La nueva táctica no está exenta de polémica. Entre las críticas están el alto coste que acarrea para el escaso número de casos localizados, que no detectan a los que se están incubando el virus o la ansiedad que causan en vecinos y negocios, con algunos clientes molestos por haber tenido que pasar la noche atrapados en el local donde se estaban tiñendo el pelo o comprando. Aun así, otros se muestran satisfechos por saber que su barrio se queda “limpio” de infectados y se reducen las posibilidades de contagio.

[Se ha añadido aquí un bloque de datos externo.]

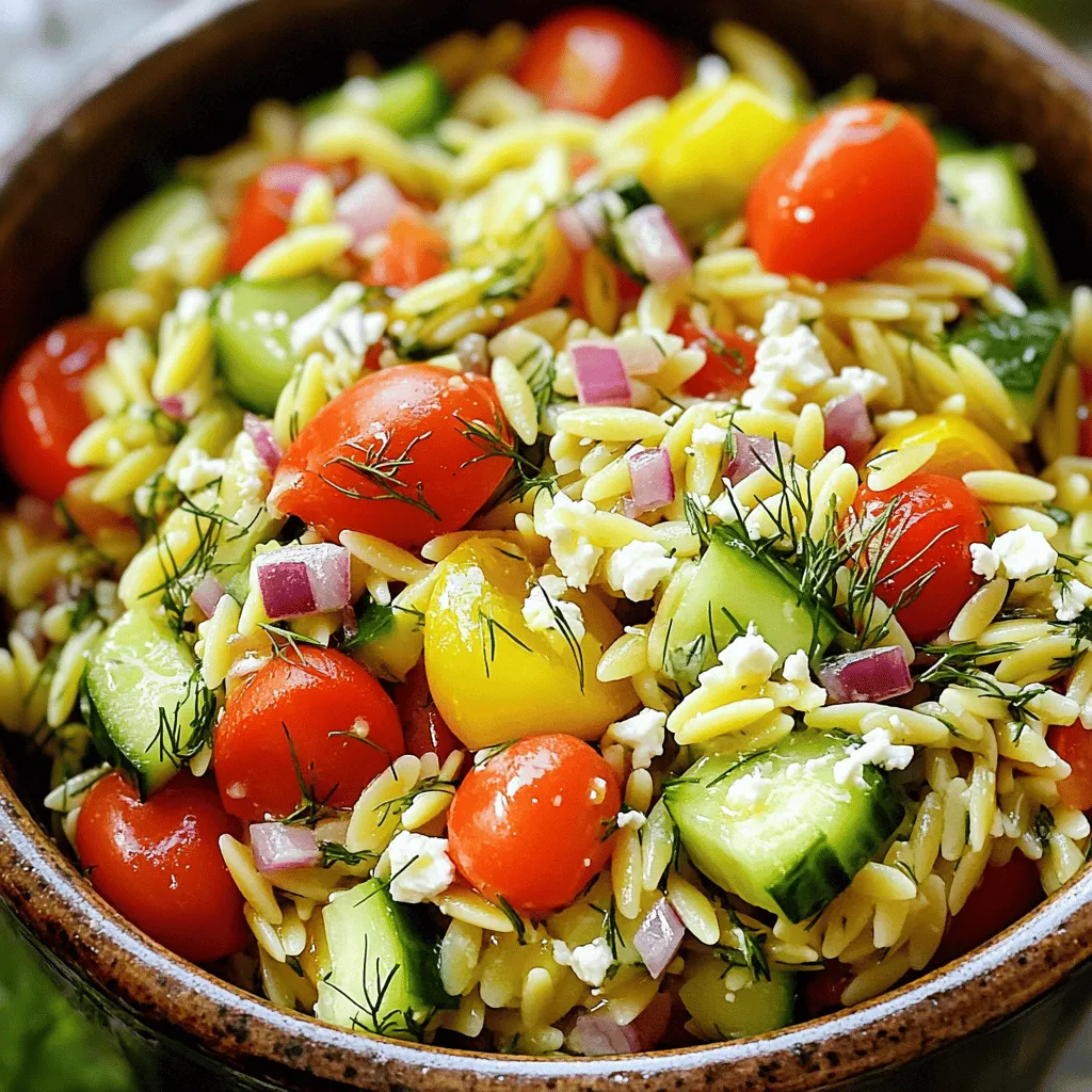 To create a bright and tasty Lemon Dill Orzo Salad, gather these key items: - 1 cup orzo pasta - 2 tablespoons olive oil - 1 tablespoon fresh lemon juice - Zest of 1 lemon - 1 cup cherry tomatoes, halved - 1 medium cucumber, diced - 1/4 red onion, finely chopped - 1/4 cup fresh dill, roughly chopped - Salt and freshly ground black pepper to taste These ingredients come together to make a fresh and vibrant dish that bursts with flavor. You can customize your salad with these optional ingredients: - Crumbled feta cheese (for a creamy touch) - Olives (for a briny kick) - Bell peppers (for added crunch) - Avocado (for creaminess and healthy fats) Feel free to mix and match based on your taste. Fresh herbs and garnishes elevate this salad. Consider these options: - Extra dill (for a pop of green) - Chives (for a mild onion flavor) - Parsley (for freshness) - Lemon wedges (for serving) These additions not only enhance taste but also make your dish look stunning. For the complete cooking process, check out the Full Recipe. Start with a large pot. Fill it with about 4 cups of salted water. Heat the water until it boils. Now, add 1 cup of orzo pasta. Cook the orzo for 8 to 10 minutes. You want it to be al dente, which means firm to the bite. Once cooked, drain the orzo in a colander. Rinse it under cold water to stop the cooking. Set it aside to cool down. Grab a small mixing bowl. In it, whisk together 2 tablespoons of olive oil. Add 1 tablespoon of fresh lemon juice and the zest of 1 lemon. Don't forget to sprinkle in a pinch of salt and pepper. Mix well until the dressing comes together and looks smooth. Taste it to see if you need more salt or lemon juice. In a big mixing bowl, add your cooled orzo. Toss in 1 cup of halved cherry tomatoes and 1 diced cucumber. Next, add 1/4 of a finely chopped red onion and 1/4 cup of roughly chopped fresh dill. Gently mix everything until it is evenly combined. Now, pour the dressing over the orzo and veggies. Using a large spoon, toss everything to coat well. Taste the salad and adjust seasoning if needed. If you like, you can sprinkle crumbled feta cheese on top. Serve it chilled or at room temperature. This recipe is a fresh and colorful treat. For the full details, check the Full Recipe. To cook orzo just right, use a large pot. Add about 4 cups of salted water. Bring it to a rolling boil. Carefully drop in the orzo pasta. Cook it for 8 to 10 minutes. Stir it occasionally to keep it from sticking. You want it to be al dente, or firm to the bite. Once done, drain it in a colander. Rinse it under cold water to stop the cooking. This keeps it from getting mushy. Making Lemon Dill Orzo Salad ahead of time is simple. Prepare the orzo and let it cool. Chop the veggies and fresh dill. Store each part in separate containers. When you are ready to eat, mix them together. Add the dressing right before serving. This keeps the salad fresh and crunchy. It’s a great option for lunch or dinner during a busy week. Taste your salad before serving. If it needs more flavor, add more salt. You can also add more lemon juice for brightness. Freshly ground black pepper can give a nice kick. If you like it creamy, sprinkle on some crumbled feta cheese. Remember, cooking is all about your preference. Feel free to experiment until you find your perfect balance. For the full recipe, check out the details above! {{image_4}} You can make Lemon Dill Orzo Salad heartier by adding protein. Grilled chicken or shrimp works great. Simply cook the chicken or shrimp until done, then slice or toss it in. This twist gives the salad a satisfying boost. The flavors of lemon and dill pair well with grilled meats. They add depth and make the salad a full meal. For a vegetarian touch, try adding chickpeas or creamy avocado. Chickpeas bring protein and a nice bite. Just drain and rinse them before mixing in. Avocado adds a rich, smooth texture. Cut it into cubes and fold it in gently. Both options keep the salad light and fresh while making it filling. Seasonal veggies can change the salad's flavor and texture. In spring, add asparagus or peas for a crisp crunch. In summer, try bell peppers or zucchini for a sweet touch. Fall's harvest brings roasted squash or beets, giving warmth and color. Feel free to swap in any fresh produce you love. This keeps the dish exciting and flexible. Check out the Full Recipe for more inspiration! To keep Lemon Dill Orzo Salad fresh, store it in an airtight container. Make sure the salad is cool before sealing it. This helps preserve its flavors and texture. If you have added feta cheese, it’s best to store it separately. This prevents the cheese from becoming soggy. Reheating orzo salad is simple. You can warm it in the microwave for 30 seconds to 1 minute. Stir it halfway to heat evenly. If you prefer it cold, enjoy it straight from the fridge. The flavors actually get better as it sits! Lemon Dill Orzo Salad lasts about 3 to 5 days in the fridge. Always check for any signs of spoilage before eating. If it smells off or has a strange texture, throw it away. To keep your salad at its best, eat it within this time frame. For a full recipe, refer back to the beginning! Yes, you can make this salad gluten-free. Use gluten-free orzo pasta or any gluten-free pasta you like. Cooking times may differ, so check the package for best results. The rest of the ingredients are gluten-free. This way, everyone can enjoy the bright flavors of the salad. If you want to skip feta cheese, try goat cheese or ricotta. Both add a creamy texture and great taste. For a dairy-free option, use avocado or omit cheese entirely. The salad still tastes fresh and delicious without it. You can also try adding nuts for crunch. To spice up the salad, add chopped jalapeños or red pepper flakes. You can also include a dash of hot sauce in the dressing. These options will give the salad a nice kick. Just remember to taste as you go. You want it to be tasty, not overwhelming. For the complete recip

Aunque los criterios seguidos para acotar un área no se han hecho públicos, la prensa local ha publicado guías con señales indicativas. Entre las más citadas están que se hayan detectado casos previos en la zona o en las muestras tomadas de las aguas residuales y que abunden los edificios antiguos con unidades subdivididas o sin mantener correctamente.
Llegan sin avisar para que nadie se esconda, montan la carpa en minutos y al que se niegue al test, multa
Pero puede haber sorpresas. El jueves pasado las autoridades regresaron a nuestro barrio para realizar una operación mucho más extensa que la primera, y otra vez fue Rubén quien se percató de su presencia. En tan solo unas horas, nos hicieron la prueba a los 2.160 residentes de 240 bloques en los puestos erigidos en una cancha de baloncesto. Ya en la cama, era inevitable preocuparse ante la posibilidad de un positivo, que obliga al infectado, aunque sea asintomático, a ingresar en el hospital, y a sus convivientes a pasar una estricta cuarentena en un centro gubernamental. La tranquilidad llegó de madrugada con un mensaje escueto: negativo, el mismo que recibieron otros 2.158 vecinos.